Microsoft has long been worried about Linux competition in the server market. When it came to ordinary PCs and laptops, however, it knew it had little to fear.
Let me explain.
The threat to Windows comes entirely from "netbooks" - lightweight, inexpensive laptops that typically use Intel 's low-powered Atom processor and don't come with substantial amounts of RAM or powerful graphics processors.
They're designed mainly for browsing the web, handling email, writing memos, and taking care of simple word-processing or spreadsheet chores.
Netbooks will account for about a third of all PC growth this year, according to Citigroup. Shipments will rise at an annual average rate of 60 percent to reach 29 million netbooks in 2010, compared with 18 percent growth for standard notebooks, says a September BNP Paribas report.
Clearly, the future is in netbooks. And that has Microsoft worried. Netbooks can't handle Windows Vista's hardware demands, so XP is the only Microsoft operating system that runs on them. But Linux is ideally suited for lower-powered netbooks.
The result? Acer and Asustek, which account for 90 percent of the netbook market, are using Linux on about 30 percent of their low-cost notebooks, according to Bloomberg. Making matters worse, if Linux is used on those netbooks, it means that Microsoft Office isn't. So Microsoft takes a double hit every time someone buys a Linux netbook.
Microsoft isn't just worried about ceding 30 percent of the netbook market to Linux. It's also worried that if people get used to running Linux on netbooks, they'll consider buying Linux on desktop PCs as well. Here's what Dickie Chang, an analyst at IDC in Taipei, told Bloomberg: "It's a real threat to Microsoft. It gives users a chance to see and try something new, showing them there is an alternative."
Microsoft, though, has a not-so-secret weapon against Linux: Windows 7. Its new operating system, slated to be introduced sometime next year, is designed to work fine on netbooks.

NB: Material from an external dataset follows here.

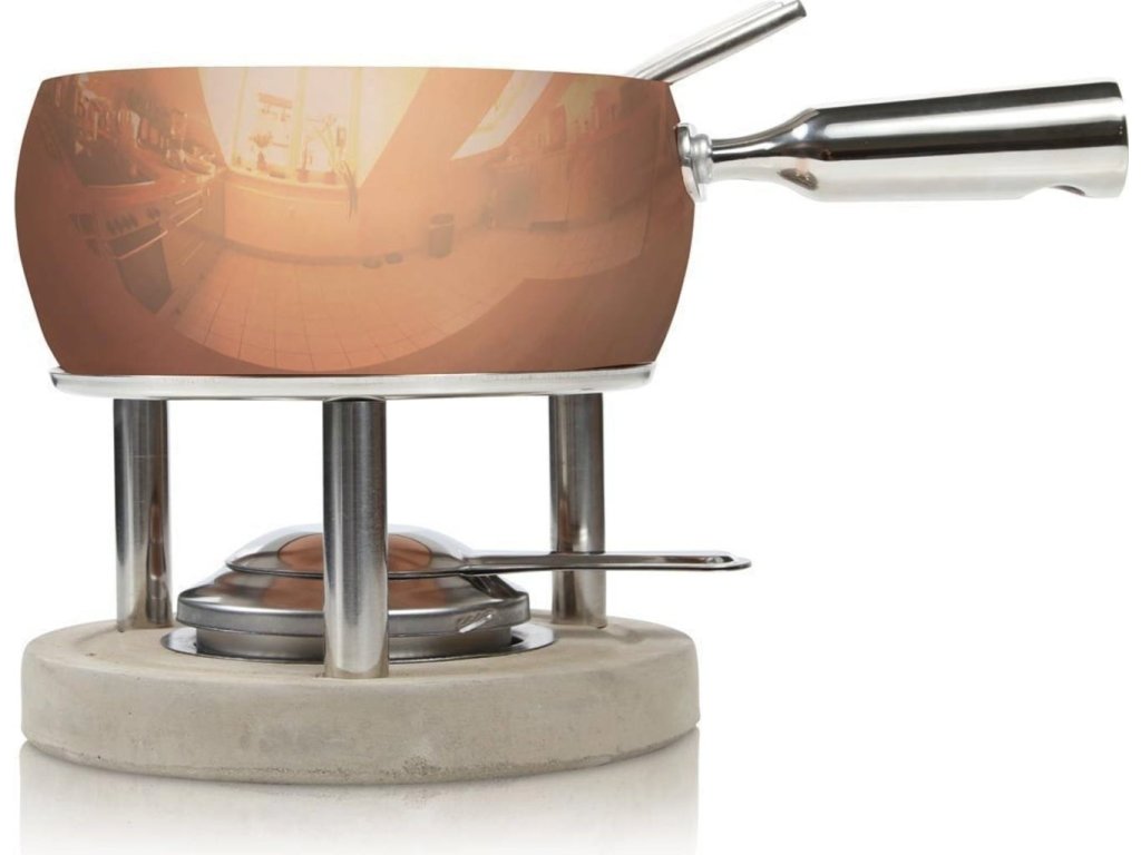 Luxusní měděný fondue set BOSKA zaujme na první pohled - kombinuje nerez, měď a beton v dokonalé rovnováze. Ideální pro sýrové nebo čokoládové fondue, zimní večery u ohně i gurmánské posezení s přáteli.

In fact, at Microsoft's recent Professional Developers Conference, where the pre-beta of Windows 7 was unveiled, Windows Senior Vice President Steve Sinofsky showed off Windows 7 on his Lenovo S10 and said it used less than half of the netbook's 1GB of RAM.
In fact, the blitz has already begun. Asus CEO Jerry Shen announced that he plans to release versions of the Eee PC powered by Windows 7 in mid-2009, including a touchscreen version.
This is anything but a level playing field. Because no company owns Linux, there won't be a competing marketing push for Linux netbooks. Microsoft has shown before how tough it can be on competitors - remember Lotus 1-2-3, WordPerfect and Harvard Graphics? So expect Linux netbook sales to fall when Windows 7 ships.
Despite Microsoft's killer instincts, I don't think Linux netbook sales will stop dead. There will always be a niche for them. But within a year of the Windows 7 launch, Linux market share will drop. The high point for Linux netbook sales will be from now until the launch of Windows 7. After that will come the inevitable decline.